“So you two are going to spend the night,” their mother said. “I insist.”
With only days until Salt’s party, Charlie didn’t have time for a black eye or being stuck at her mother’s place. And yet the pain in her face was yielding to exhaustion. Besides, there was something she’d come here to find.
“You want me to get the blow-up mattress out of the station wagon?” Charlie asked.
Her mother shook her head. “No, you stay put. Your sister can go. Or Bob.”
Charlie got up, glad to have an easy excuse for her search. “I got it.”
A constellation of magnets covered the refrigerator. A few were from local businesses, and others were emblazoned with sayings like “All I Need Is Coffee and Wine” or “So Punk Rock I’m Out of Safety Pins.” Charlie grabbed the car key from where it was suspended and headed back out into the cold.

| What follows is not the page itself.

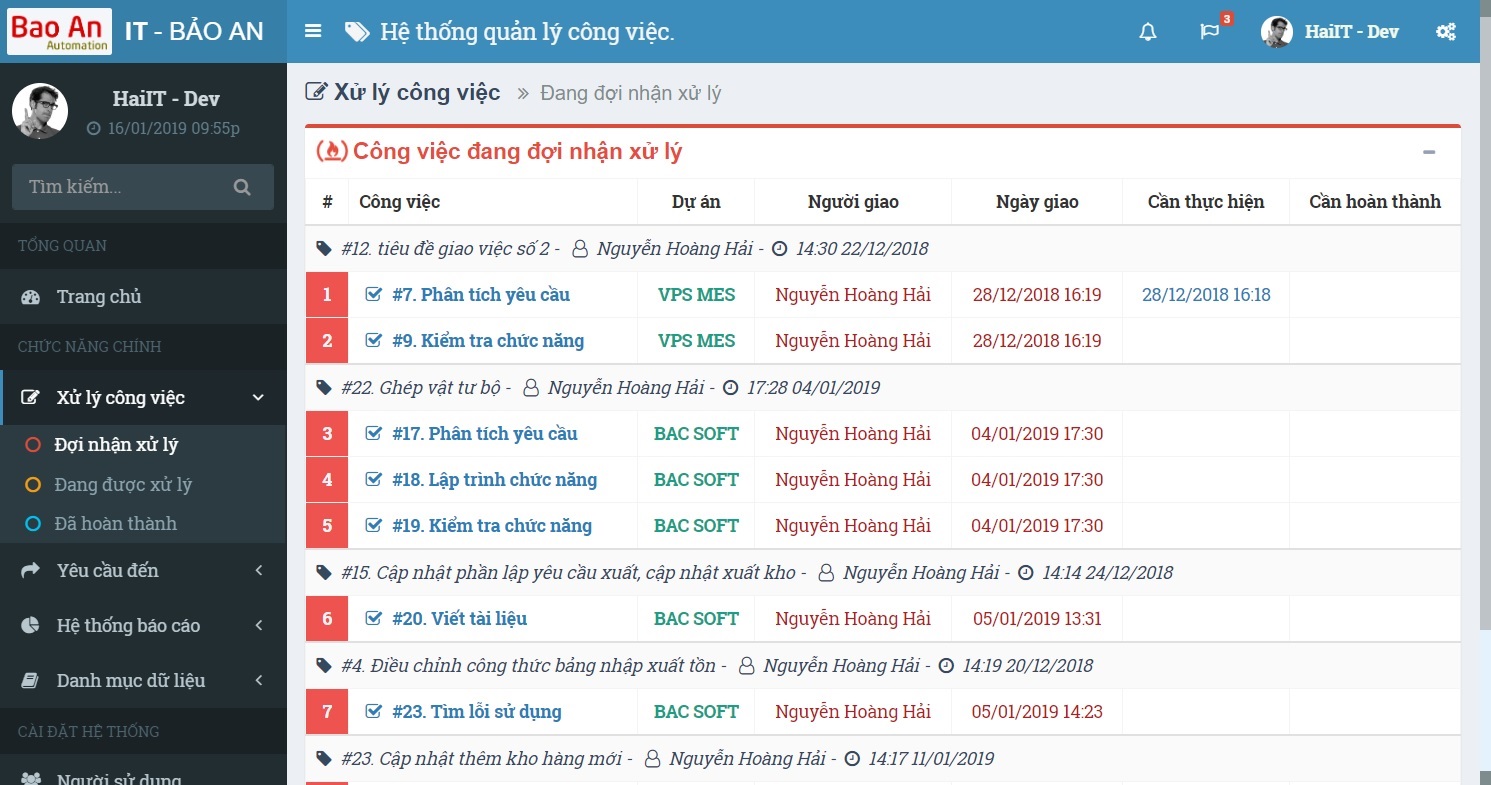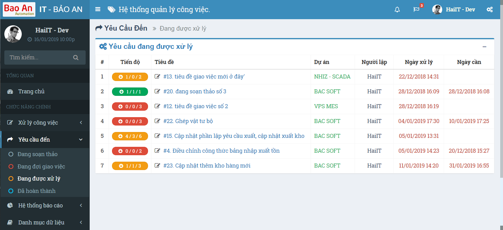 Dưới đây là một vài hình ảnh về hệ thống quản lý công việc cho nhóm IT, các chứng năng chính:

At almost sixty, Charlie’s mother had collected more stuff than was going to fit comfortably into the hotel, especially given Bob’s cards, which required a “climate-controlled environment” and were too important to him not to be kept nearby. And so, the back of Mom’s wagon was full of her clothes for the off-season, decorations, taxes, and, apparently, an air mattress. The bins were crammed in tight. One of them was marked “CHRISTMAS,” another “FAMILY PHOTOS.” Charlie found the stale-smelling plastic mattress under a tub marked “VITAL DOCUMENTS.”
That was what she’d come for.
After she’d escaped from Salt’s house, the guy who’d found her had called an ambulance. She didn’t remember much after that, but they must have done a tox screen at the hospital. The results ought to be with the rest of her medical paperwork.
Charlie pulled the lid off the bin. And there, under birth certificates and her mother’s divorce proceedings, she found a folder with her name on it. Inside was a copy of the police report, hospital release, and the bill sent to the insurance. She skimmed over the details. Scratches on arms and face consistent with branches. Mild dehydration. One stood out: traces of ketamine in system.
She closed the folder, Liam’s words echoing in her head: One of the doctors that works here is known for being generous with prescriptions. I saw Remy’s cousin Adeline buy some ketamine off him.
It seemed that stealing a quickened shadow hadn’t slowed down Salt’s experiments, and that he’d gotten the rest of the family involved.
“Did you find it?” her mother called across the lot.
Charlie stuffed the folder under her shirt so her jeans held it in place. “Yeah, Mom,” she called back, and dragged the mattress inside.
Her mother had made feverfew tea, which she said was good for pain. Bob slipped her some ibuprofen, which worked much better.
Charlie went back to the couch and the frozen peas. After a few moments, when she was pretty sure no one was looking, she eased the folder out from under her shirt and into the seam on the side of the couch, where the cushion would cover it.
Lucipurrr patrolled the new space, meowing as Mom took out some chopped meat and started making something for dinner. Bob put on that show where people bring in old stuff and experts tell them whether the item is worth money.
A long-haul trucker had brought in a cuckoo clock of his grandmother’s that turned out to be a real antique, from the Edwardian period. When it struck midnight, a man appeared, running from his own shadow. “This was a time of great spirituality,” said the elderly appraiser, stroking his beard thoughtfully. “Gloamists performed elaborate shadowplays against the walls of ballrooms. Magic was right in front of people, and yet few looked closely enough to discover it.”
“Don’t let the front desk know you’ve got a cat in here,” Mom told Posey. “There’s a hundred-and-fifty-dollar cleaning fee for bringing a pet into the room.”
“I wasn’t going to tell anyone,” Posey complained, an adolescent whine creeping into her voice. “And I don’t know where I am supposed to talk to clients. It’s so loud in here.”
“Try the bathtub,” Mom said unhelpfully.
An hour later, they ate goulash sitting on folding chairs around a café table that couldn’t hold all their plates at once. They drank Posey’s wine. They were following the Hall family tradition of pretending everything was okay, and Charlie was glad. Nothing was okay and she had no idea what to do about it.
“Posey tells me that Vincent moved out. I’m so sorry,” Mom said.
Charlie nodded. The less said about that, the better. One more thing that was definitely not okay. “Yeah, well. You know my luck.” She didn’t say our luck, because she liked Bob. Of course, it was possible that she would have liked anyone who’d brought her ibuprofen. If he’d brought her coffee too, she might have married him herself.